[Activity]
Give back exactly the lines from the one holding "下午两点半,女同胞们陆陆续续" to the bottom of the material, both included, and nothing more. No pictures.

[Data for review]

#####

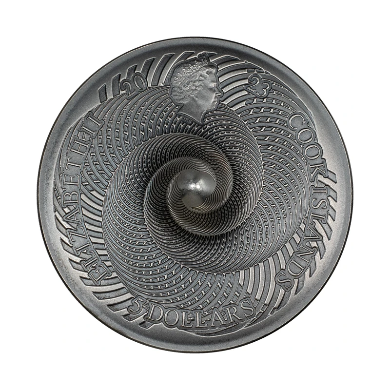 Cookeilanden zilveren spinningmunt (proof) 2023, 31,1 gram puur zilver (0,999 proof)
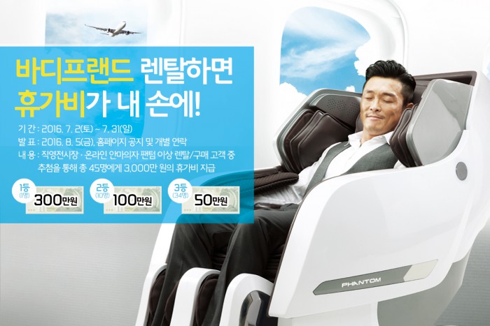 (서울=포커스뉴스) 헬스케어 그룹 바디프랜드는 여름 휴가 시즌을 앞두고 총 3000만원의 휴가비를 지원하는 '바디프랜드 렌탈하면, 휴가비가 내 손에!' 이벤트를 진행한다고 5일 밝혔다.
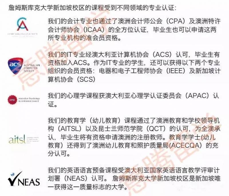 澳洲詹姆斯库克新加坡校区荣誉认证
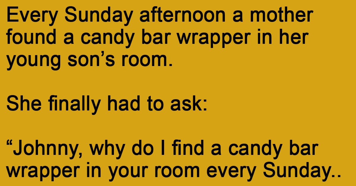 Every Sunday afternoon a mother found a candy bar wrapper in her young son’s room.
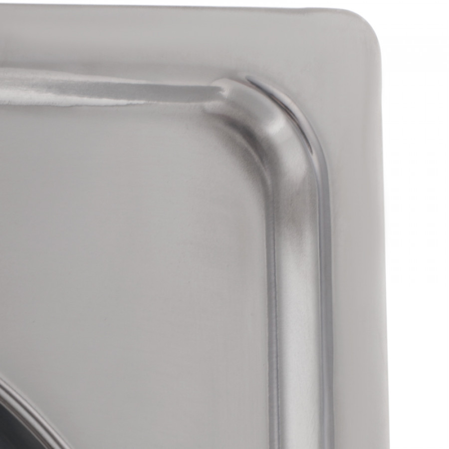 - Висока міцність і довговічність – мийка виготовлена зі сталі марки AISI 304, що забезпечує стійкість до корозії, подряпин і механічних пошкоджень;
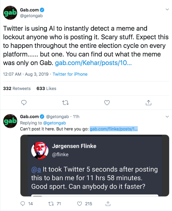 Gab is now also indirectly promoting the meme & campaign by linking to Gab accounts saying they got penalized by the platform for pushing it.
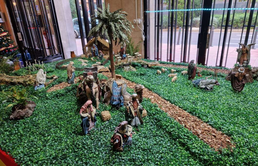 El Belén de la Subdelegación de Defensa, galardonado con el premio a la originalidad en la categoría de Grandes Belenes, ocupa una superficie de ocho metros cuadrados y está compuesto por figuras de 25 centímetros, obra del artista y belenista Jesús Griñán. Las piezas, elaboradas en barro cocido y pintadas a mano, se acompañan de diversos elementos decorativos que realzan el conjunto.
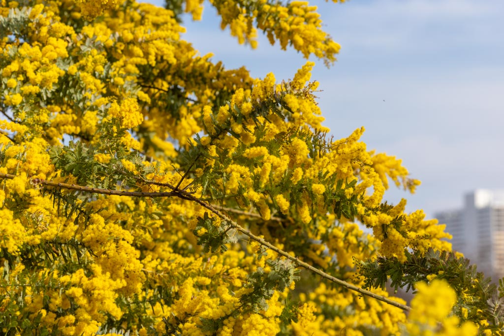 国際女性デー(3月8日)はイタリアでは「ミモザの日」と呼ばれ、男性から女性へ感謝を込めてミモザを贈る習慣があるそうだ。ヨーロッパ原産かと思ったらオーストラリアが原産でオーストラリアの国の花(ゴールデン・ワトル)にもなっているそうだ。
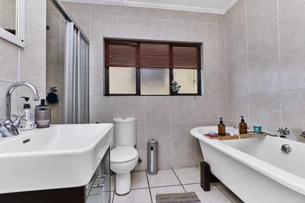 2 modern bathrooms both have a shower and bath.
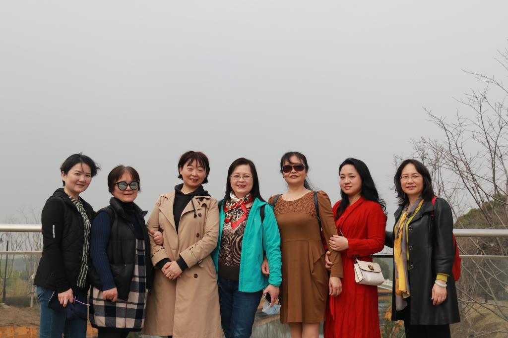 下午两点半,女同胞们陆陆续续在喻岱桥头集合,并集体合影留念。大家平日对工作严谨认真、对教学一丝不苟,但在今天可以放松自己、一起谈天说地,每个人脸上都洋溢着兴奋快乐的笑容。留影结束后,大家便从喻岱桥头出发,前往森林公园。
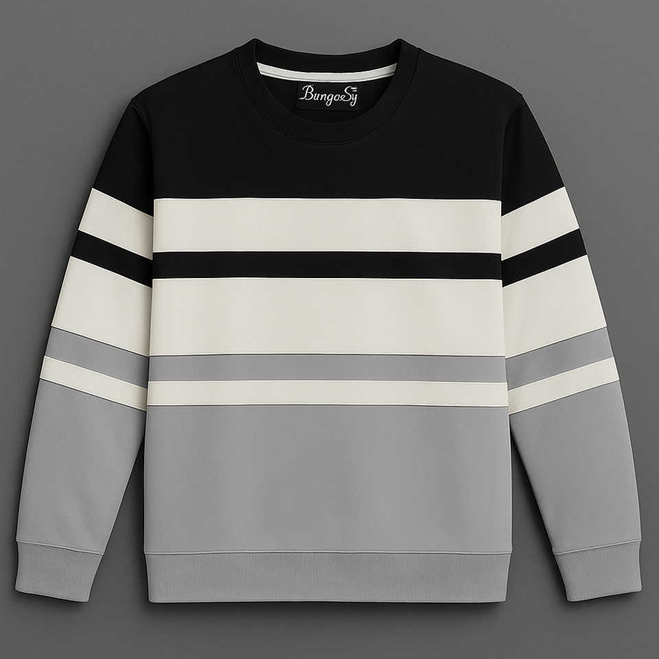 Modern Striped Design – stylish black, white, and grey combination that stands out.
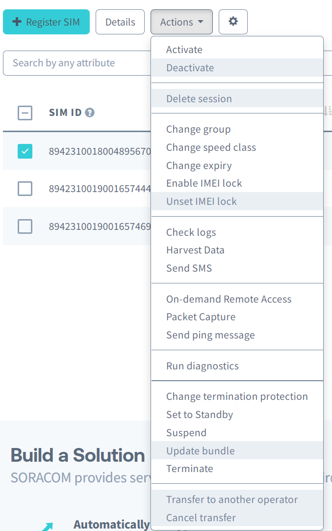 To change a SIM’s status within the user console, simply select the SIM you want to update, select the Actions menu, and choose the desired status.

#####

[Completed task]
 下午两点半,女同胞们陆陆续续在喻岱桥头集合,并集体合影留念。大家平日对工作严谨认真、对教学一丝不苟,但在今天可以放松自己、一起谈天说地,每个人脸上都洋溢着兴奋快乐的笑容。留影结束后,大家便从喻岱桥头出发,前往森林公园。
 Modern Striped Design – stylish black, white, and grey combination that stands out.
 To change a SIM’s status within the user console, simply select the SIM you want to update, select the Actions menu, and choose the desired status.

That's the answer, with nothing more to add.